> YOUR ASSIGNMENT:
Reproduce the section of the listing that begins at the line containing "En mode cuisine, les" and finishes at the line containing "Before creating the". Include both end lines and nothing beyond them.
[[ SOURCE MATERIAL open ]]
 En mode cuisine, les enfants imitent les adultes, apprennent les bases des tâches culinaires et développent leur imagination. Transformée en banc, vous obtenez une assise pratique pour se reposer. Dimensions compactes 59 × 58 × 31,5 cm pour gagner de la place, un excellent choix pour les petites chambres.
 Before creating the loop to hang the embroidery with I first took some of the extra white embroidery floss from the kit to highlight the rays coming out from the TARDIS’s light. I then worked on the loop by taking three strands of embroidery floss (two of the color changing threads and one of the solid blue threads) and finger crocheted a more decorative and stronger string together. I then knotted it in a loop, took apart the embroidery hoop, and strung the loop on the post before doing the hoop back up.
[[ SOURCE MATERIAL closed ]]
[[ SOURCE MATERIAL open ]]
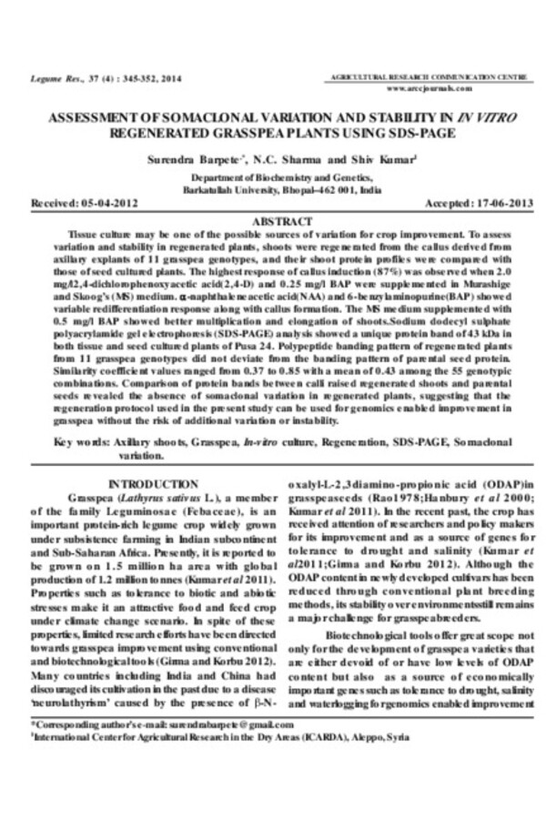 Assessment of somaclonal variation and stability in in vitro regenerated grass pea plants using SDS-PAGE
[[ SOURCE MATERIAL closed ]]
> RESPONSE TO THIS TASK:
 En mode cuisine, les enfants imitent les adultes, apprennent les bases des tâches culinaires et développent leur imagination. Transformée en banc, vous obtenez une assise pratique pour se reposer. Dimensions compactes 59 × 58 × 31,5 cm pour gagner de la place, un excellent choix pour les petites chambres.
 Before creating the loop to hang the embroidery with I first took some of the extra white embroidery floss from the kit to highlight the rays coming out from the TARDIS’s light. I then worked on the loop by taking three strands of embroidery floss (two of the color changing threads and one of the solid blue threads) and finger crocheted a more decorative and stronger string together. I then knotted it in a loop, took apart the embroidery hoop, and strung the loop on the post before doing the hoop back up.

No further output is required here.